• How to complete this task: The lines from the top of the material below through the line containing "Działka inwestycyjna 1867" are to be printed exactly, with pictures omitted.

##############################

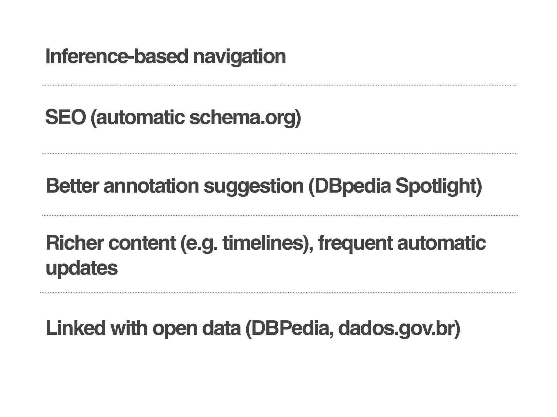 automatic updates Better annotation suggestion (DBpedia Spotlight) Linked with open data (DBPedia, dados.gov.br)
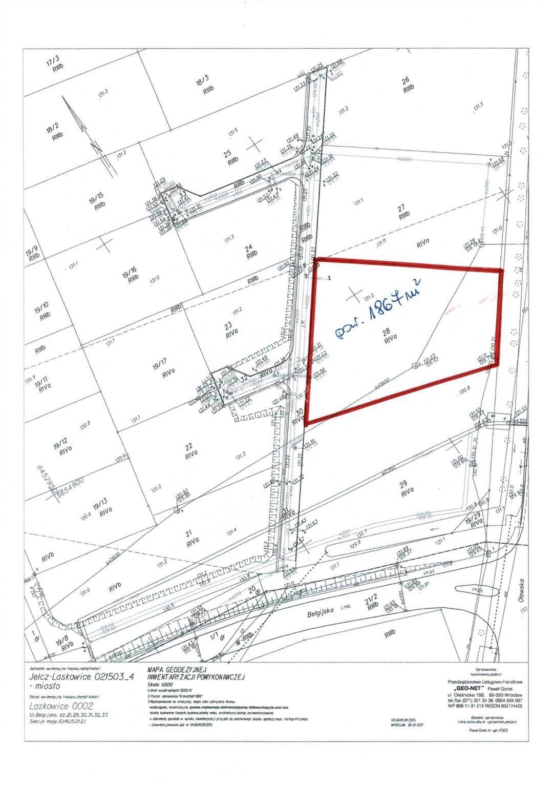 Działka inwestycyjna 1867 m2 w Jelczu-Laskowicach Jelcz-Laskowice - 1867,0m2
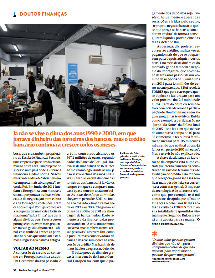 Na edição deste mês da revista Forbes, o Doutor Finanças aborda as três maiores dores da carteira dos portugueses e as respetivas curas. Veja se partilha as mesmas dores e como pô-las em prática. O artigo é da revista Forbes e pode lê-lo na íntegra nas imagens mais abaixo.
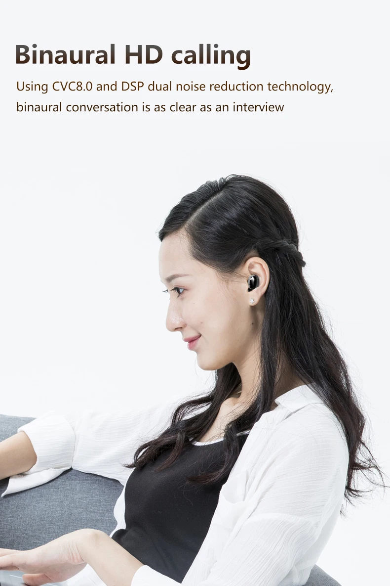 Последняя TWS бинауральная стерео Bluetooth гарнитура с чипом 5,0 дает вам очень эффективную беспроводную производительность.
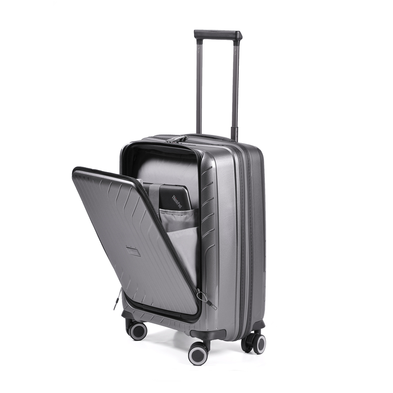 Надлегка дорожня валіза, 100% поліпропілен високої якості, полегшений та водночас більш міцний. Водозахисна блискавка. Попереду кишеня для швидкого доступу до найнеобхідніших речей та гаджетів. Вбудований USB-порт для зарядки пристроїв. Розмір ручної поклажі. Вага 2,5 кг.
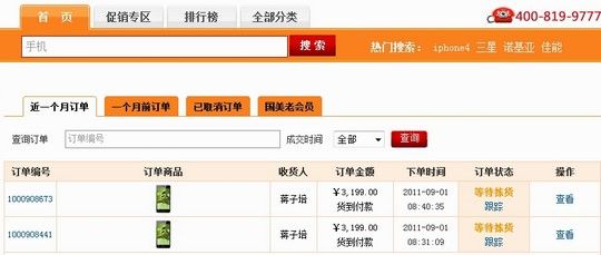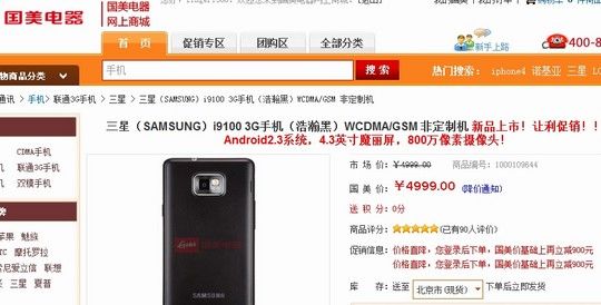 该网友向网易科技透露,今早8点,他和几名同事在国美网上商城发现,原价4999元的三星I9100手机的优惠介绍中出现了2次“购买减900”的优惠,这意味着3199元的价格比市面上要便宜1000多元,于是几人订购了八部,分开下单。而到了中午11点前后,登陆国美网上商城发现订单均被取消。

##############################

• Completed task:
 automatic updates Better annotation suggestion (DBpedia Spotlight) Linked with open data (DBPedia, dados.gov.br)
 Działka inwestycyjna 1867 m2 w Jelczu-Laskowicach Jelcz-Laskowice - 1867,0m2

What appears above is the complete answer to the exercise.